I think this may qualify Finn for the Paralympics too!


----------



## elly (Nov 21, 2010)

Loving all these entries!!! What great athletes, all gold medal winners for sure!


----------



## JazzSkye (Aug 1, 2011)

No cool gear, just a new tennis ball and a sweet, green meadow after the final snow melt last week! (Skye--:--heart:--13 months):


----------



## Shutterwolf (Jan 30, 2012)

does it have to be my dog, or can it be a picture i have taken? also, 1 entry or more then 1?


----------



## 2Retrievers222 (Sep 5, 2007)

They cut it done to one per person not dog. Maybe a poll for per dog or per person. Tobymommy could I run a poll, will be my first. People with more than one dog can,t always get both or more dogs in shot.


----------



## Shutterwolf (Jan 30, 2012)

Well here's my entry. Not my dog, but I took the picture. Hope that is ok...


----------



## Dexter12 (Feb 10, 2012)

extreme fetching?


----------



## TheCrewAndUs (Sep 11, 2011)

Dexter


----------



## Kathrynehalliday (Jan 11, 2012)

Jumping is a sport for my pup.
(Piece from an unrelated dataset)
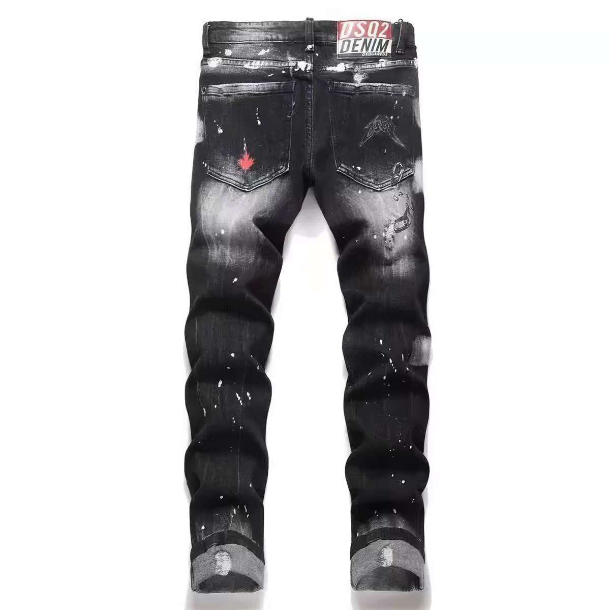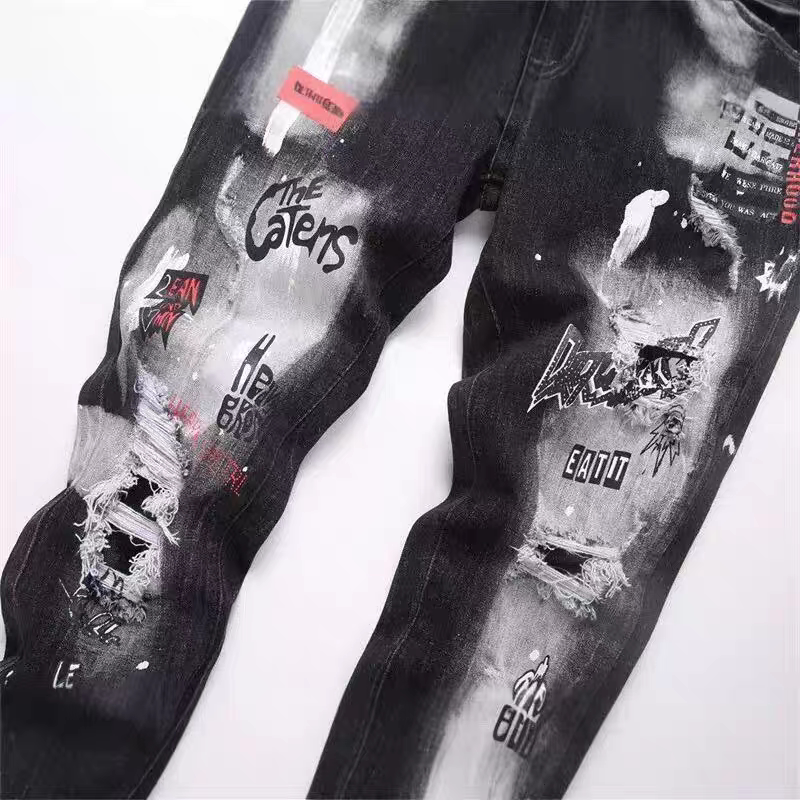 印花小脚涂鸦补丁贴布爆款 轻奢黑色牛仔裤 新款 D2破洞泼墨修身 男裤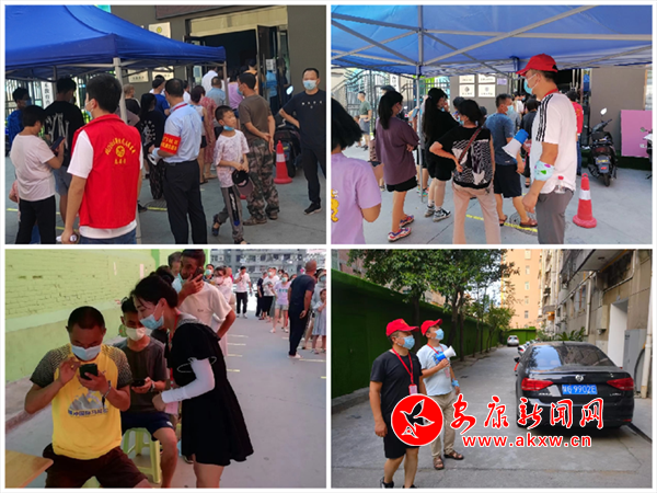 8月16日16時,太陽火辣辣地直射地面,安康市區(qū)街道酷熱難耐。在北門社區(qū)面粉廠家屬院第一輪核酸檢測采樣現(xiàn)場,安康市公路局下沉的5名志愿服務隊員各司其職、各盡其責,助力核酸檢測高效有序完成。

He tends to lick at the same time as jumping.


----------



## rik6230 (Jan 8, 2008)

An "old" photo of my boy.


----------



## maggiesmommy (Feb 23, 2010)

Maggie practicing for the 100 metre free-style:


----------



## vcm5 (Apr 20, 2011)

Great pictures! I love the theme!


----------



## AlanK (Jun 28, 2008)

tobysmommy said:


> Our April winner *elly *has chosen a great theme for May. As she is located in the UK, let's have the
> 
> *GOLDEN OLYMPICS!*


Congrats Elly 

I am ashamed that I never even visited our photo contest last month :no: 

It looks like a great Olympic start for May. Love the photo's so far! Good choice
on theme Elly!


----------



## CAROLINA MOM (May 12, 2009)

Great photos of all the Goldens Athletes in the Golden Olympics, some really amazing shots.


----------



## jealous1 (Dec 7, 2007)

*Summer*

Extreme digging (and yes, she dug the hole by herself--I couldn't resist taking the picture before stopping her and filling it back up)!


----------



## SimTek (Dec 21, 2007)

Sam Dog.. Ball Catching Event...


----------



## akgolden (Jun 18, 2011)

From last year


----------



## SeaMonster (Jul 4, 2011)

Does trouble making count as a sport?


----------



## elly (Nov 21, 2010)

There are SUCH great shots here, I'm glad I picked this theme!  They're so cute and varied! What talented pups we have on our boards! Its going to be so hard when it comes to voting!!!


----------



## Ivyacres (Jun 3, 2011)

The pictures are all so good, I love them all. It's no surprise that Honey loves her tennis balls!


----------



## Discoverer (Feb 3, 2011)

There are tons of pictures with ball, frisbee, stick or other "traditional dog Olympic" equipment, but sailing is barely seen amongst the four legs athletes, so here is my entry:


----------



## akgolden (Jun 18, 2011)

Thats awesome. I have taken mine out in a little skiff on our lake but man that would be heaven to be out there like that. 


Nice boat!


----------



## Capt Jack (Dec 29, 2011)

Capt Jack the pro fisherdog


----------



## Jamm (Mar 28, 2010)




----------



## Ninde'Gold (Oct 21, 2006)

Jamm that picture always makes me want to go swimming.


----------



## akgolden (Jun 18, 2011)

That picture of Jack looks like he is bobbing for apples LOL


----------



## BriGuy (Aug 31, 2010)

Is sunbathing an Olympic sport? If not, don't tell Cookie. She's been practicing a lot, and is pretty darn good at it.


----------



## Capt Jack (Dec 29, 2011)

akgolden said:


> That picture of Jack looks like he is bobbing for apples LOL


I have a series of pics of him looking for the fish, diving,then coming back up he's only caught one & I didn't get a pic of that time.I was too stunned


----------



## akgolden (Jun 18, 2011)

Capt Jack said:


> I have a series of pics of him looking for the fish, diving,then coming back up he's only caught one & I didn't get a pic of that time


wow he actually caught one?? That's impressive. 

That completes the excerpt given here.